Rust and In-Memory Management Inside TarsDB
The Traditional Garbage Collector (GC) Problem
Database languages typically rise on C++ or Java. Java (and its derivatives) carry a massive Garbage Collector overhead. When coding TarsDB Sense, our main goal was to escape GC pauses rather than just processing data.
Rust gave us the perfect key with its ownership and borrowing concepts.
Zero-Copy Architecture
Consider TarsDB's pipeline when reading data from massive files like CSV or Excel:
pub fn parse_columnar_data(buffer: &[u8]) -> Result<Vec<&[u8]>, EbpfError> {
// Memory is not copied here, it's referenced as a slice.
let mut columns = Vec::new();
let mut current_pos = 0;
while current_pos < buffer.len() {
// ... Zero-copy reading logic
}
Ok(columns)
}
This function causes no crazy RAM spikes even when reading terabytes of data because the buffer is not being copied.

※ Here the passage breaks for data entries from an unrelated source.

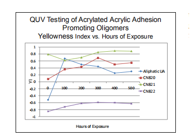 與環(huán)氧丙烯酸酯相比,PEAs本身具有更好的抗黃變性能。
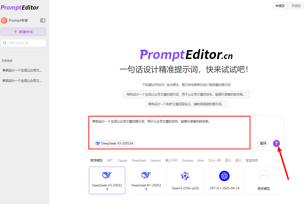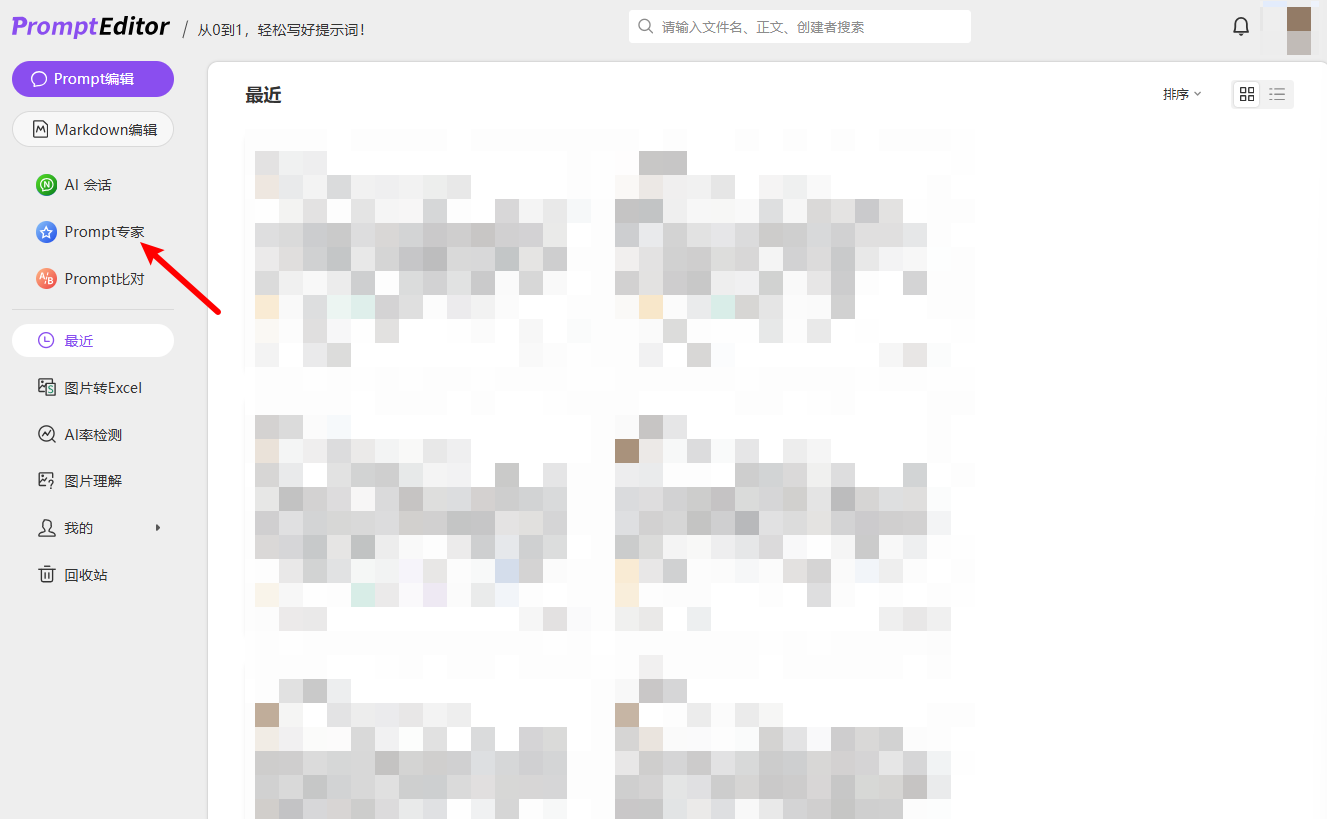 1、打开 Prompt Editor 编辑器后,直接找到 “Prompt 专家” 功能点击进入。
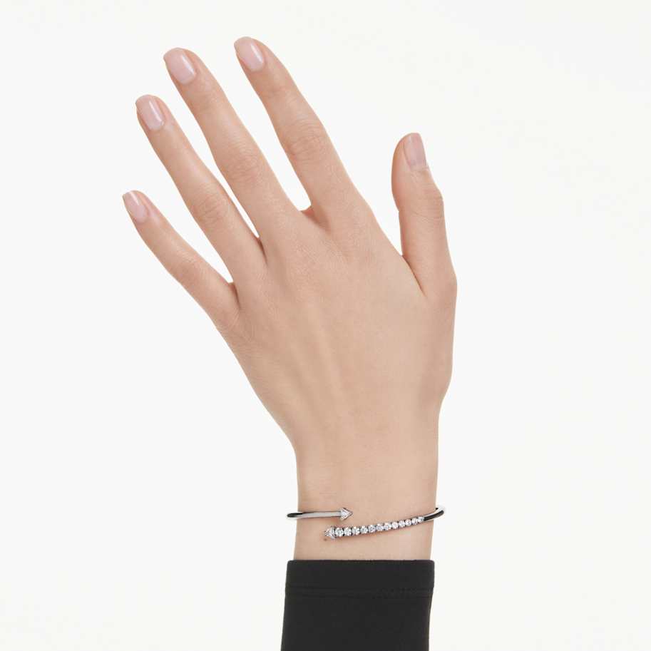 Let your alternative side shine with this impactful Sublima bangle. The ruthenium plated band is open-ended and spirals around the wrist with a variety of clear Swarovski Zirconia in prong settings. The spiky tips add a contemporary finish and match perfectly with other jewelry pieces from the same expressive family.
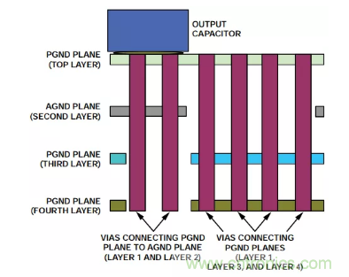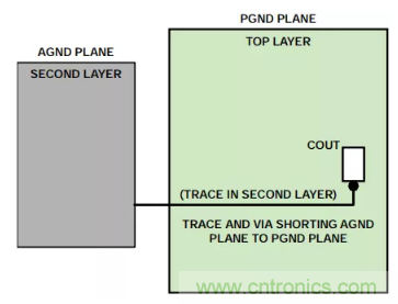 AGND層一路擴(kuò)展到輸出電容,AGND層和PGND層在輸出電容的負(fù)端連接到過(guò)孔。

Associative Engine's Romance with Rust
The Associative Logic inspired by Qlik Sense means continuously mapping green, white, and gray table rows in memory. Using Rust's BTreeMap and BitVec libraries, the state of rows (Selected, Alternative, Excluded) is found at O(1) speed.
- Green (Selected): Active filter.
- White (Alternative): Other selectable conditions.
- Gray (Excluded): Those not included in this set.
The result? TarsDB, in its "Nebula" vision, delivers massive data to the frontend with smooth O(1) access time and full memory safety.